Quote from the first line below through the line that contains "Our Satoshi Nakamoto", both included, and leave the pictures out.

▶ **SOURCE MATERIAL**
------------------------------------------------
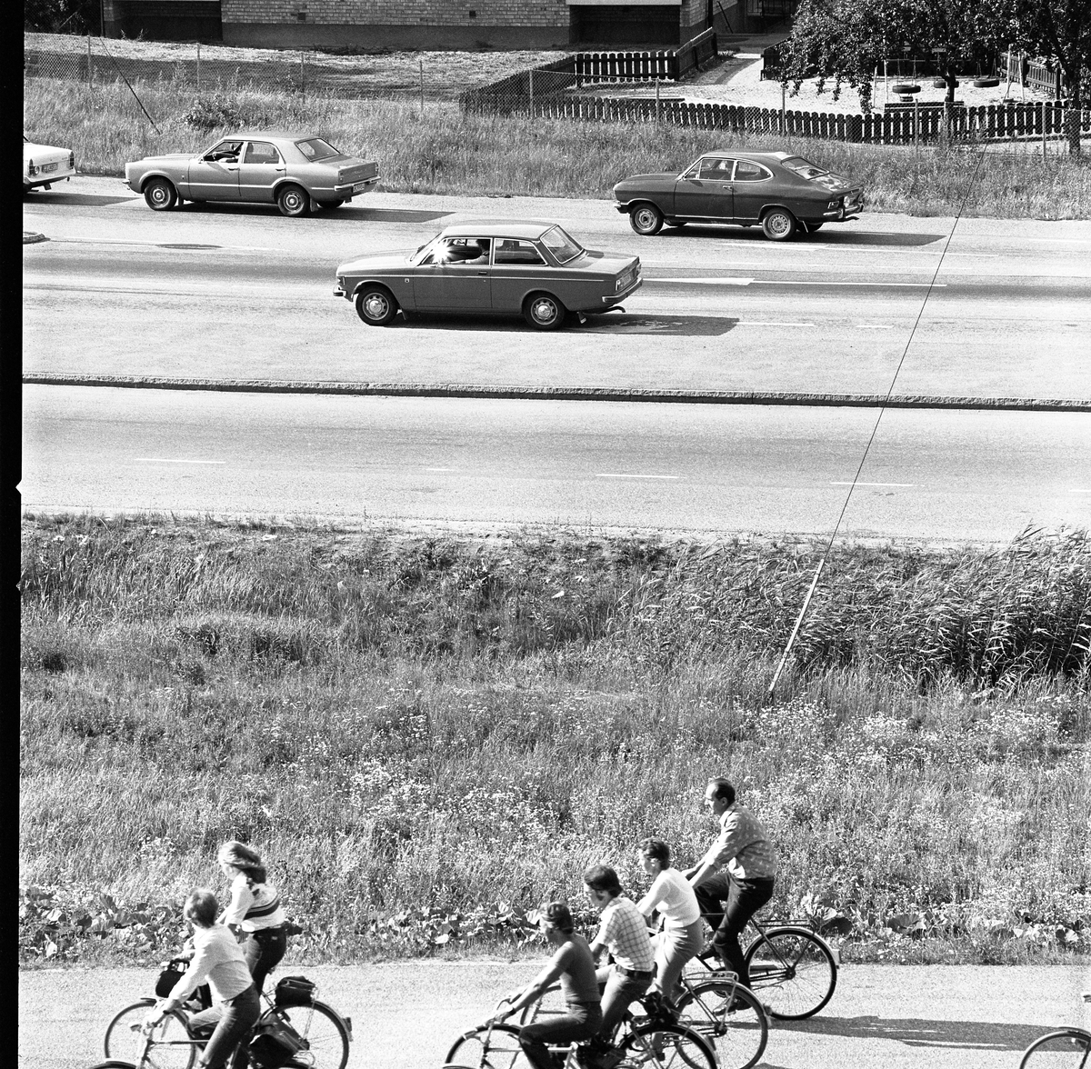 Cyklister och bilförare på Västermovägen, Brattberget. Daghemmet Biet ses i bakgrunden.
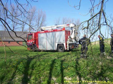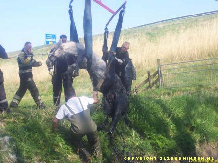 Appingedam – Donderdag raakte een paard in de sloot bij Appingedam.
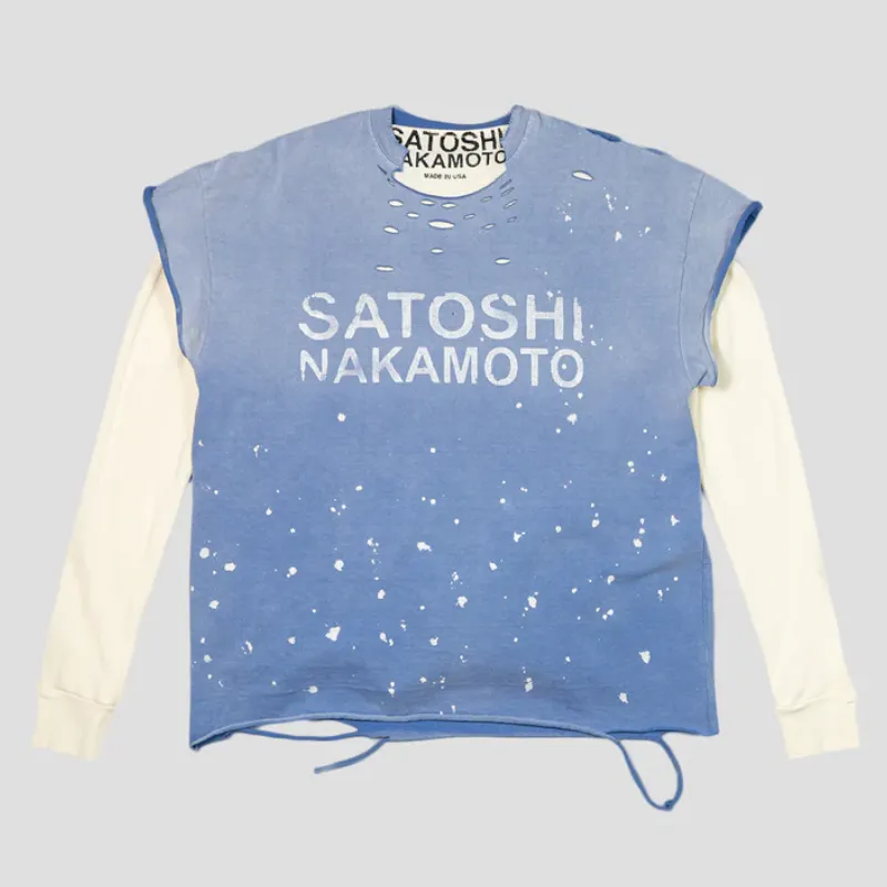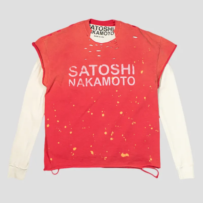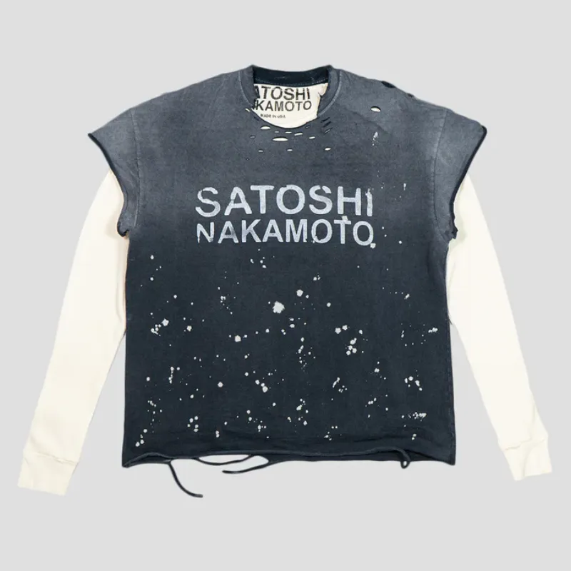 Our Satoshi Nakamoto Luke Thermal T-shirt is crafted to layer with flair. We paired a soft thermal base with a detachable tee for easy style shifts. Distressed holes and scattered paint splatters give it an authentic, worn-in feel. Bold SATOSHI NAKAMOTO print across the chest adds a strong statement without overdoing it. Made from premium cotton, it feels smooth and breathable while keeping a rugged look. This piece brings texture, attitude, and versatility to your rotation.
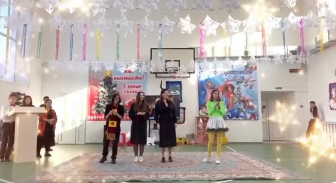 ученики 10 «Б» класса, в рамках проекта «Знакомство с Англией», поздравили учеников КГУ «СШ №7 имени К.Ушинского» с наступающим Новым годом и организовали поздравление от Санта Клауса. » К.Ушинский атындағы №7 орта мектеп. Талдықорған
------------------------------------------------
▶ **RESULT FOR THIS TASK**
 Cyklister och bilförare på Västermovägen, Brattberget. Daghemmet Biet ses i bakgrunden.
 Appingedam – Donderdag raakte een paard in de sloot bij Appingedam.
 Our Satoshi Nakamoto Luke Thermal T-shirt is crafted to layer with flair. We paired a soft thermal base with a detachable tee for easy style shifts. Distressed holes and scattered paint splatters give it an authentic, worn-in feel. Bold SATOSHI NAKAMOTO print across the chest adds a strong statement without overdoing it. Made from premium cotton, it feels smooth and breathable while keeping a rugged look. This piece brings texture, attitude, and versatility to your rotation.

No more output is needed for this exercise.